───── SUPPLIED INFORMATION

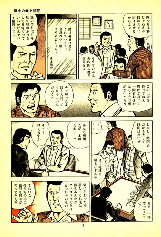 赤城恭介(あかぎ・きょうすけ)……生まれた時から天涯孤独。 幼なじみの洋子が自殺するきっかけを作った男を刺して入った少年刑務所で麻雀を覚え、シャバで少刑の同輩の手引きで、麻雀の腕で暮らしていたが、ある日同輩にハメられ、新宿の街を追われることに。独り、雀ゴロとして生きていく決意をするが……? 本格麻雀ロマンの決定版!
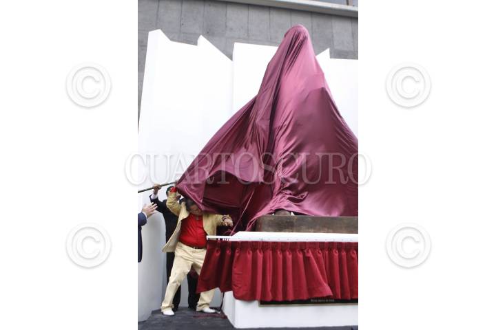 MÉXICO, D.F., 25MARZO2015.- Ivonne Ortega, secretaria general del PRI, Jesús Reyes Heroles, hijo del ideólogo priista y César Camacho Quiroz, dirigente nacional del tricolor, conversan con la Nieta de Heriberto Jara, Alicia Sánchez Jara, al finalizar la ceremonia en donde se develó un monumento de Jesús Reyes Heroles en la explanada del CEN del PRI. FOTO: MOISÉS PABLO /CUARTOSCURO.COM
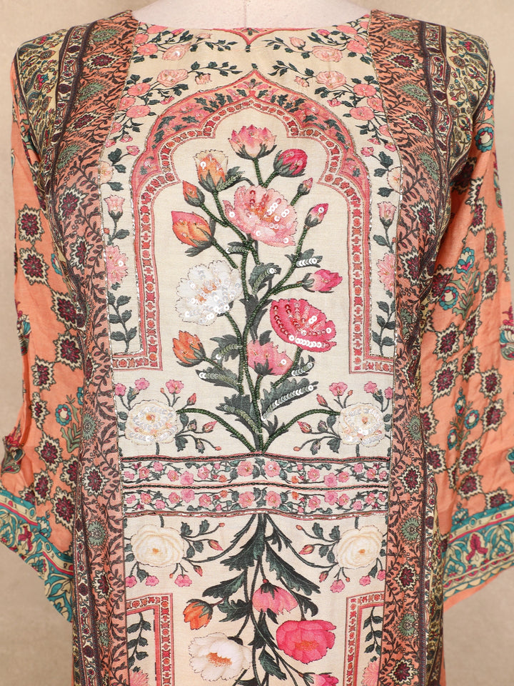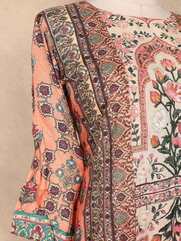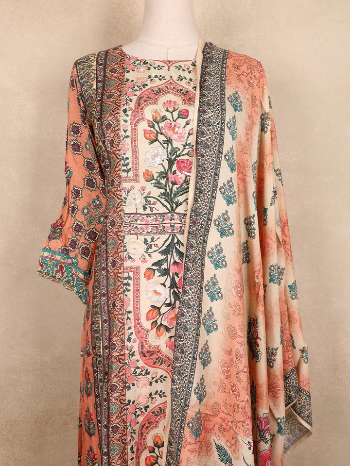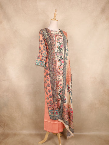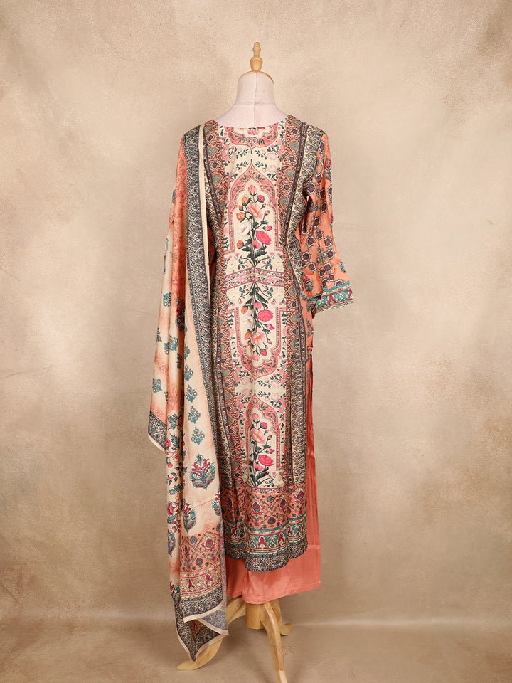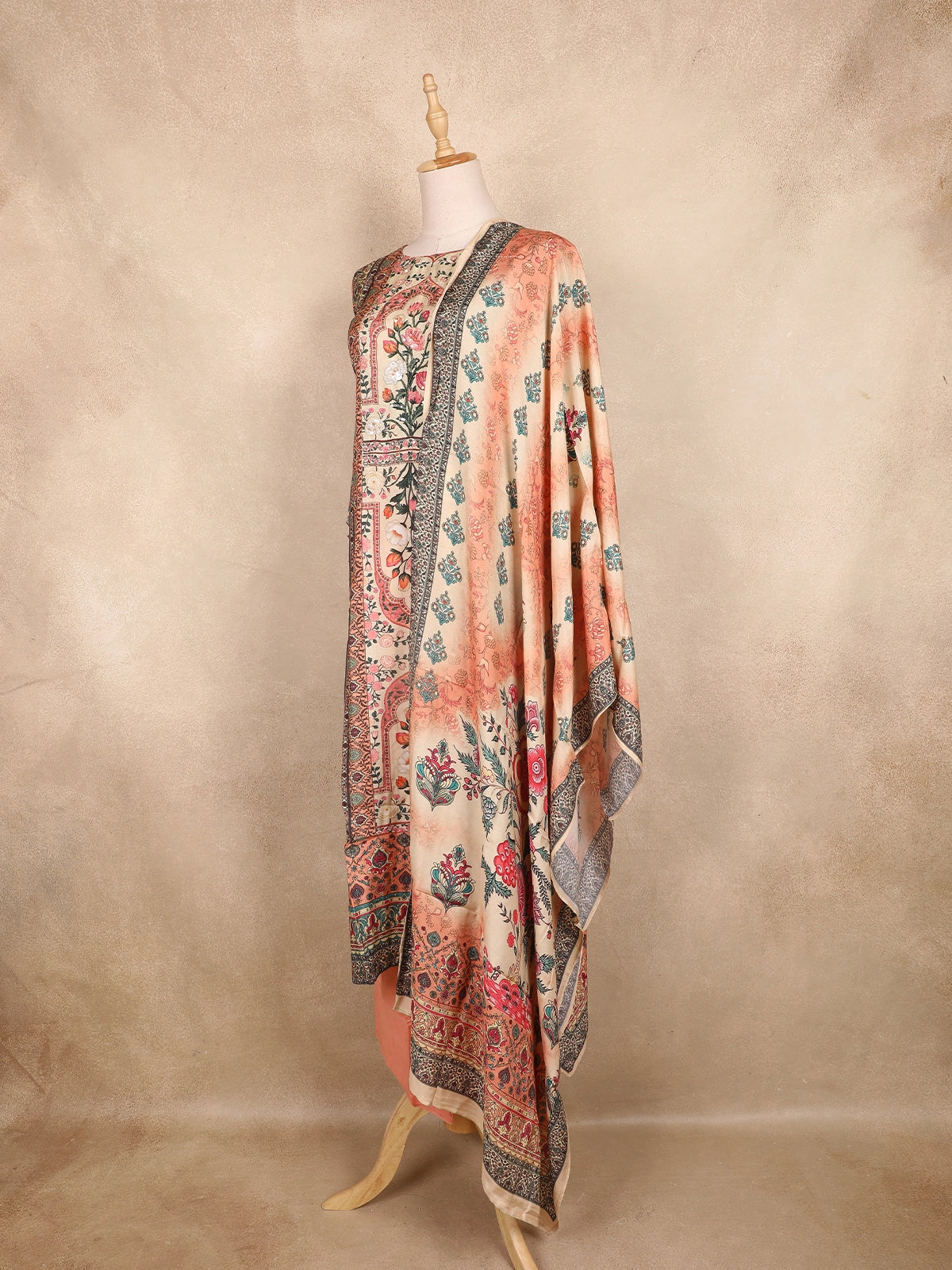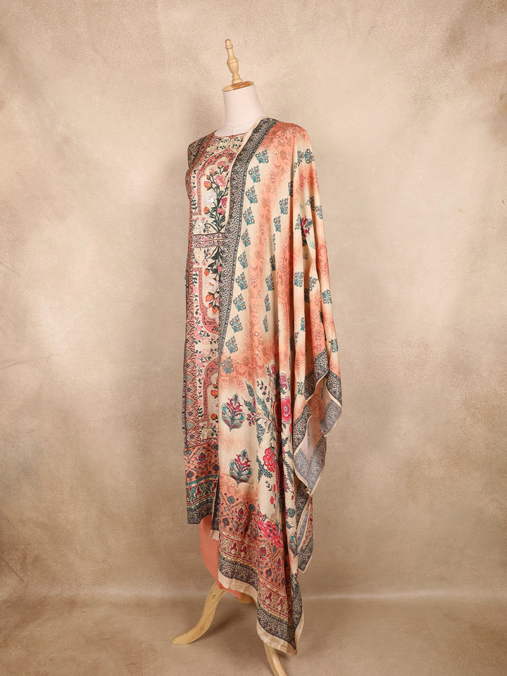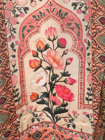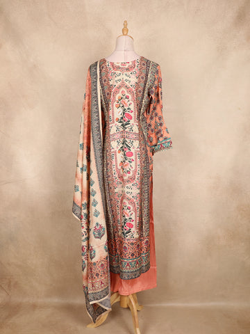Peach Kashmiri Floral Printed Design Crepe Straight Cut Salwar Suit with Dupatta

──────────

Write the data above out exactly. Leave out any pictures.

 赤城恭介(あかぎ・きょうすけ)……生まれた時から天涯孤独。 幼なじみの洋子が自殺するきっかけを作った男を刺して入った少年刑務所で麻雀を覚え、シャバで少刑の同輩の手引きで、麻雀の腕で暮らしていたが、ある日同輩にハメられ、新宿の街を追われることに。独り、雀ゴロとして生きていく決意をするが……? 本格麻雀ロマンの決定版!
 MÉXICO, D.F., 25MARZO2015.- Ivonne Ortega, secretaria general del PRI, Jesús Reyes Heroles, hijo del ideólogo priista y César Camacho Quiroz, dirigente nacional del tricolor, conversan con la Nieta de Heriberto Jara, Alicia Sánchez Jara, al finalizar la ceremonia en donde se develó un monumento de Jesús Reyes Heroles en la explanada del CEN del PRI. FOTO: MOISÉS PABLO /CUARTOSCURO.COM
Peach Kashmiri Floral Printed Design Crepe Straight Cut Salwar Suit with Dupatta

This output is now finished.